Additionally, we want to break down this compound score to see the trendlines for songs that were categorized as Positive over time (VADER score >= 0.5) and Negative over time (VADER score <= -0.5)
pos = df[df["Sentiment"] == "Positive"]
pos_counts = pos.groupby("Year")["Sentiment"].count()
year_counts = df["Year"].value_counts()
#Use proportion to account for differences in number of songs per year
prop_pos = pos_counts / year_counts
df_pos = pd.DataFrame(prop_pos)
df_pos = df_pos.reset_index()
df_pos = df_pos.rename(columns={'index':'Year', 0:'Pos'})
df_pos.plot.line(x='Year', y='Pos', ylabel = "Positive Sentiment")
slope, intercept, r_value, p_value, std_err = stats.linregress(df_pos)
plt.plot(df_pos.Year, slope*df_pos.Year + intercept, color='red')

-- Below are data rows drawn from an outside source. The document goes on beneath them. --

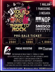 Sementara itu, untuk harga ticket konser rock satu panggung itu antara lain, untuk festival dibandrol dengan harga 250K, untuk Tribune sebesar 500K dan VIP sebesar 1.000K. Untuk keterangan pembelian ticketnya bisa melalui : www.kolaboraci.online – http://www.kolaboraci.online.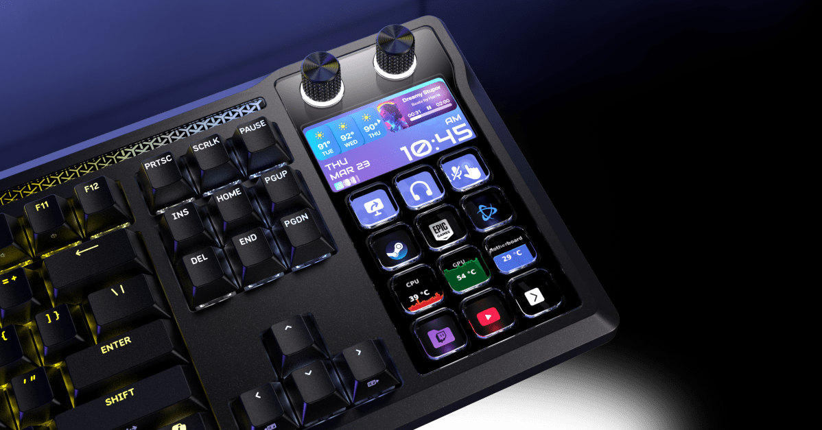 Corsair uviedol klávesnicu Galleon 100 SD, ktorá má v sebe zabudovaný Stream Deck Plus a navyše 5-palcovú obrazovku. Má kvalitné MLX Pulse switche a dva konfigurovateľné otočné gombíky.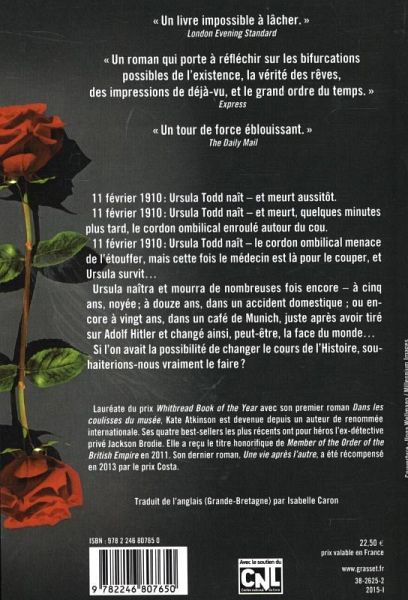 11 fevrier 1910: Ursula Todd nait - et meurt aussitot. 11 fevrier 1910: Ursula Todd nait - et meurt, quelques minutes plus tard, le cordon ombilical enroule autour du cou. 11 fevrier 1910: Ursula Todd nait - le cordon ombilical menace de l'etouffer, mais cette fois le medecin est la pour le couper, et Ursula survit... Ursula naitra et mourra de nombreuses fois encore - a cinq ans, noyee; a douze ans dans un accident domestique; ou encore a vingt ans, dans un cafe de Munich, juste apres avoir tire sur Adolf Hitler et change ainsi, peut-etre, la face du monde... Etablis dans un manoir bucolique du nom de Fox Corner, les Todd portent sur leur environnement le regard distancie, ironique et magnanime de ceux que les tragedies de l'Histoire epargnent. Hugh, le pere, travaille a la City, tandis que Sylvie, la mere, reste a la maison et eleve ses enfants a l'ancienne. Mais le temps, en la personne d'Ursula, va bientot se detraquer, se decomposer en une myriade de destins possibles qui vont, chacun a sa maniere, bouleverser celui de la famille... Si l'on avait la possibilite de changer le cours de l'histoire, souhaiterions-nous vraiment le faire ?
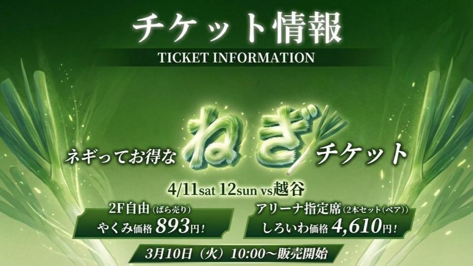 茨城戦のネバチケに次ぐ、秋田と対戦相手の越谷にゆかりのある「ねぎ」を題材としたチケットと、ゴールデンウィークを秋田ノーザンハピネッツのホームゲームで楽しむためのお得なチケットをご用意!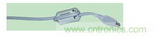 將一個(gè)鐵氧體磁環(huán)套在導(dǎo)線或電纜上就構(gòu)成了一介簡(jiǎn)單、經(jīng)濟(jì)、便于安裝的濾波器,如圖4所示。鐵氧體的作用是將導(dǎo)線周圍的磁場(chǎng)集中起來,從而使導(dǎo)線的電感增加數(shù)百倍。鐵氧體扼流圈的最大好處是它既不需要重新設(shè)計(jì)電路,也不需要重新設(shè)計(jì)結(jié)構(gòu),因此在設(shè)備的改進(jìn)中廣泛應(yīng)用。生產(chǎn)廠家提供需多種不同內(nèi)徑規(guī)格的分體式鐵氧體,一般內(nèi)徑從5mm~13mm不等。當(dāng)信號(hào)線和回流線同時(shí)穿過鐵氧體時(shí),鐵氧體對(duì)信號(hào)(差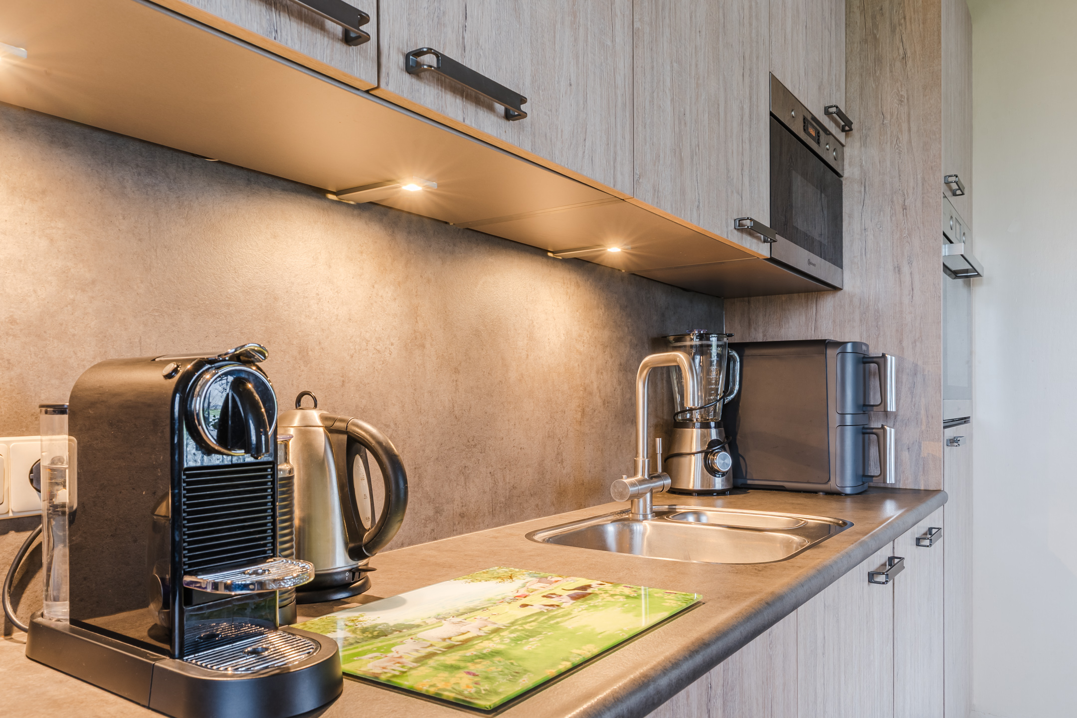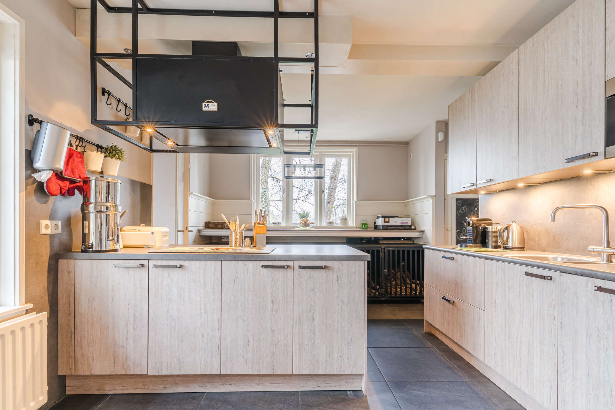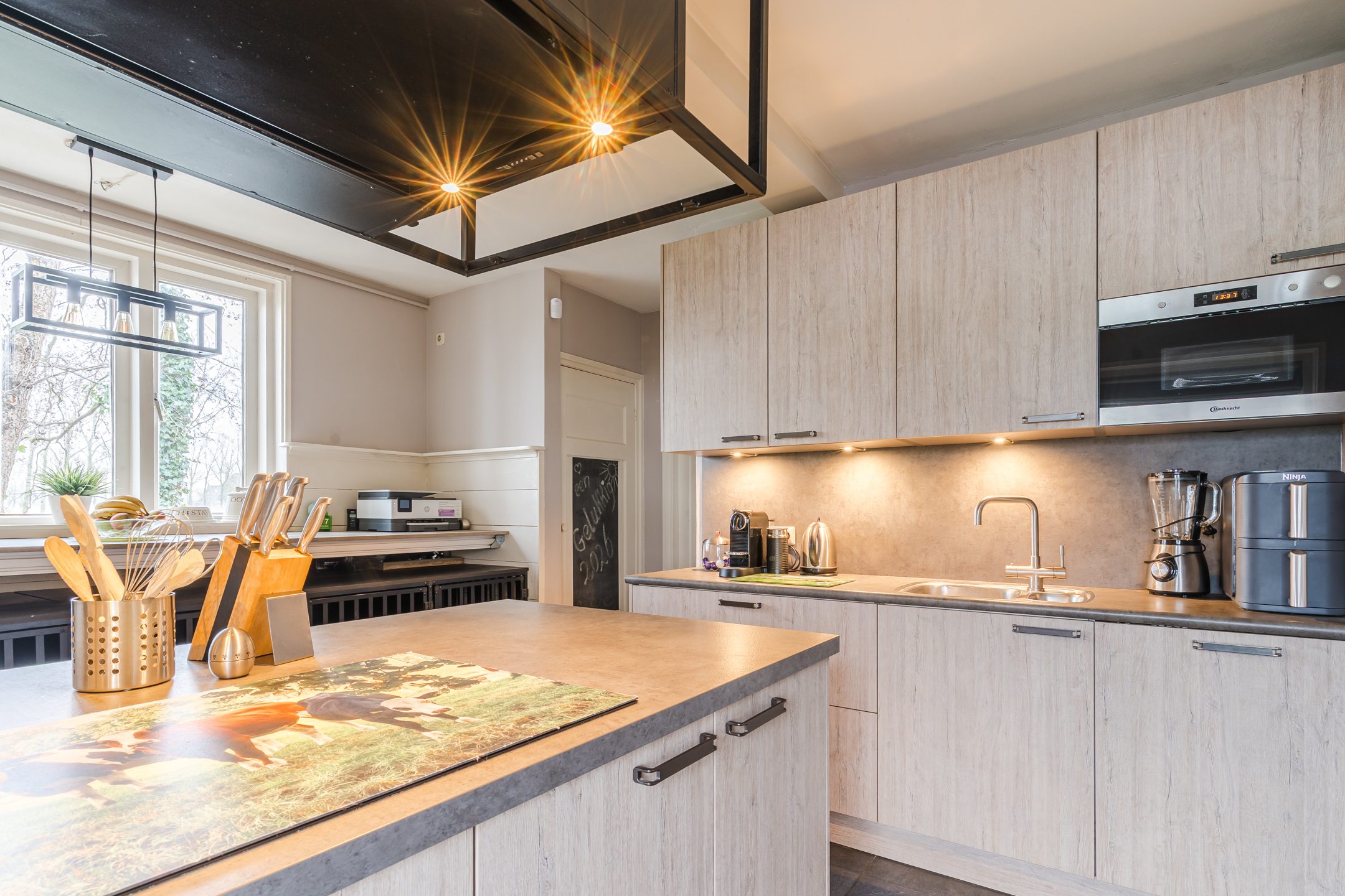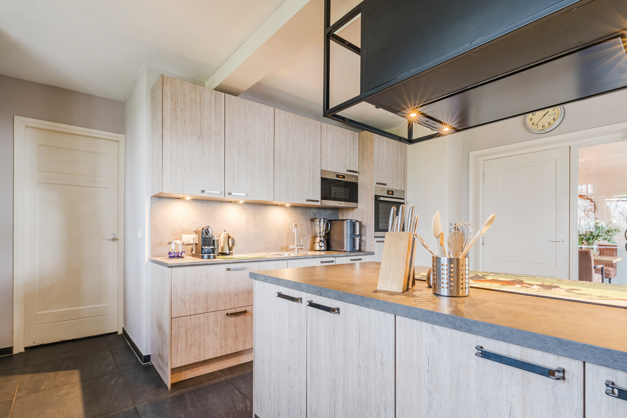 De ruime leefkeuken met kookeiland is heerlijk ruim en voorzien van moderne apparatuur: een inductiekookplaat, oven, stoomoven, magnetron, koelkast, vriezer en een vaatwasser.

print("Slope of trendline:", slope)
Slope of trendline: -0.0007946728593223154
We can see a negative trendline for positive songs showing that their positive sentiment (even for just the songs that are categorized as positive) has decreased over time.

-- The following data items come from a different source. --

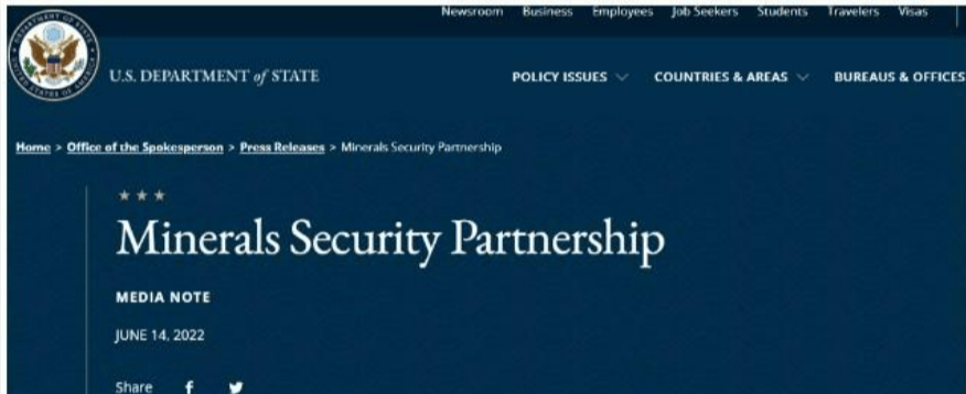 2022年6月加拿大勘探者和開發商協會會議期間,美國宣佈與加拿大、澳大利亞、法國、德國、英國、歐盟、日本、韓國等盟友建立“礦產安全夥伴關係”來協調內部關鍵礦產供應鏈的矛盾。同年12月聯合國《生物多樣性公約》第十五次締約方大會期間,美國、加拿大、澳大利亞、法國、德國、英國、日本又組建“可持續關鍵礦產聯盟”作為“礦產安全夥伴關係”的補充。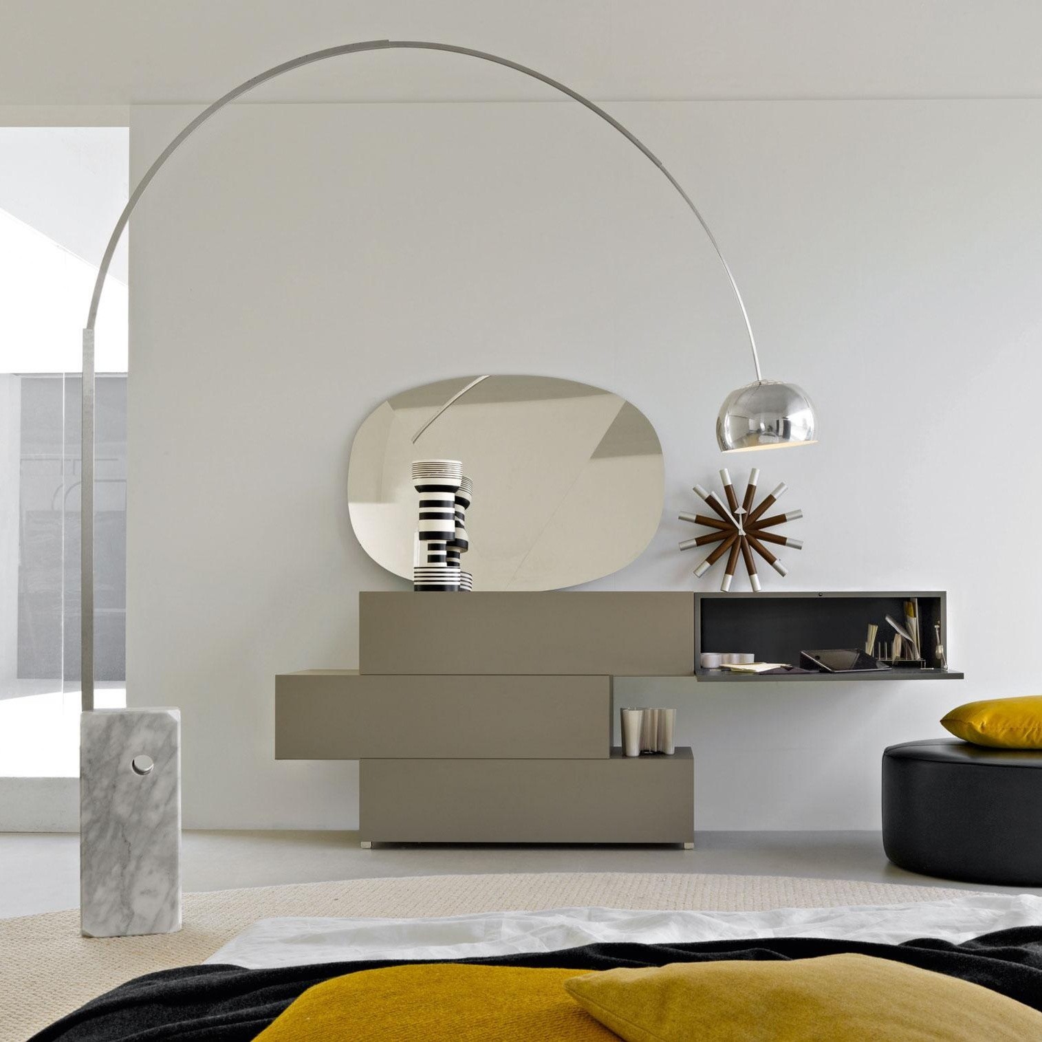 信仰进步和日益增长的经济繁荣是1950年左右美国生活方式的核心方面。一切似乎都有可能,人们努力做到“现代”。 为了将现代设计融入美国家庭,乔治·尼尔森构思了各种日常用品:灯具,钟表和其他家居饰品。 直到20世纪70年代,尼尔森办公室为家庭创造了许多不同的物品,包括泡泡灯和球钟,它们成为了本世纪中期现代设计的象征。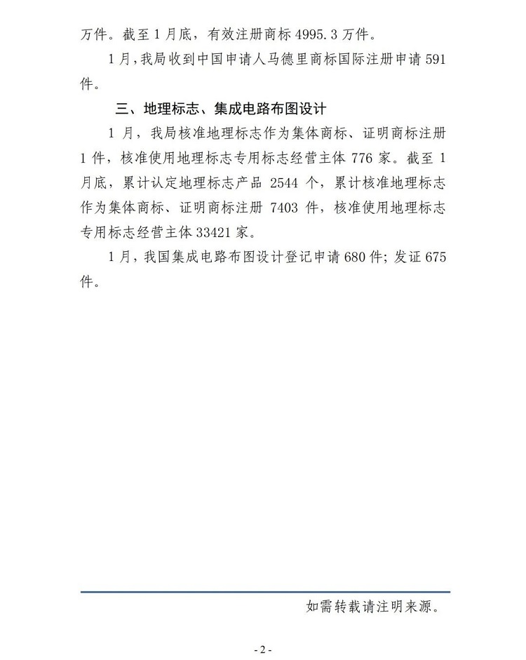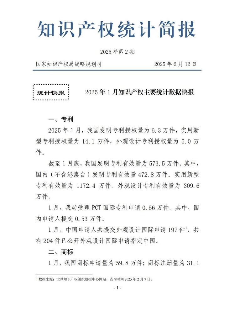2025年1月知识产权主要统计数据快报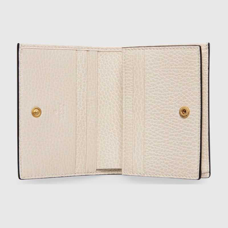 Taken from the ’70s archives, the Double G continues to define the GthtG Marmont line. Here, this card case wallet is crafted from beige and ebony GthtG Supreme canvas with white leather details.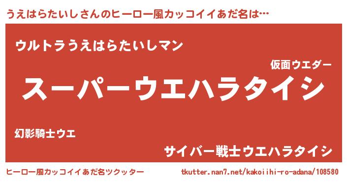 | 胡散臭い通販商品みたいなあだ名 | 『億万長者になれる霊験あらたかなお札…その名も「うえはらたいし」』 |

neg = df[df["Sentiment"] == "Negative"]
neg_counts = neg.groupby("Year")["Sentiment"].count()
year_counts = df["Year"].value_counts()
prop_neg = neg_counts / year_counts
df_neg = pd.DataFrame(prop_neg)
df_neg = df_neg.reset_index()
df_neg = df_neg.rename(columns={'index':'Year', 0:'Neg'})
df_neg = df_neg.dropna()
df_neg.plot.line(x='Year', y='Neg', ylabel = "Negative Sentiment")
slope, intercept, r_value, p_value, std_err = stats.linregress(df_neg)
plt.plot(df_neg.Year, slope*df_neg.Year + intercept, color='red')
print("Slope of trendline:", slope)
Slope of trendline: 0.001605484420070733
When looking at our negative sentiment songs, the negative proportion has increased over time suggesting songs have gotten more negative over time (not necessarily that there are more negative songs now but we are measuring the extent to which the lyrics have become negative over time).
As part of our Exploratory Data Analysis was tracking Top Artists, we were curious to see what the sentiment analysis of these top artists were.
#source: https://seaborn.pydata.org/generated/seaborn.countplot.html
import seaborn as sns
import matplotlib.pyplot as plt
art = df[df["Artist"].isin(top_artists.index)]
plt.figure(figsize=(15,5))
sns.countplot(x="Artist", hue="Sentiment", data=art, hue_order=["Positive", "Neutral", "Negative"], palette="Set2")
<AxesSubplot:xlabel='Artist', ylabel='count'>
Interestingly enough, all of the top artists have overwhelmingly more positive songs than negative or neutral ones. However, looking deeper into this chart, we can see that most of these artists were popular decades ago. Rihanna, a more current artist, shows far fewer positive songs than someone like Elvis Presley who peaked in popularity in the 50s and 60s.
Our original hypothesis with our sentiment analysis was that songs have gotten more negative over time. Through our NLP model we found this to be true. In order to verify these results, we visualized not only the compound scores but also the trends over time for the songs already categorized into being positive or negative. We calculated a simple regression on each of these plots and found the slopes of those lines supported our hypothesis.
There are a variety of inclinations that we had as to why this would be the case (psychological priming, cultural acceptance of negativity, remembering negative stimuli better than positive ones, etc). We could easily expand upon this study to see if we could attribute a cause to the phenomenon we observed of increased lyrical negativity.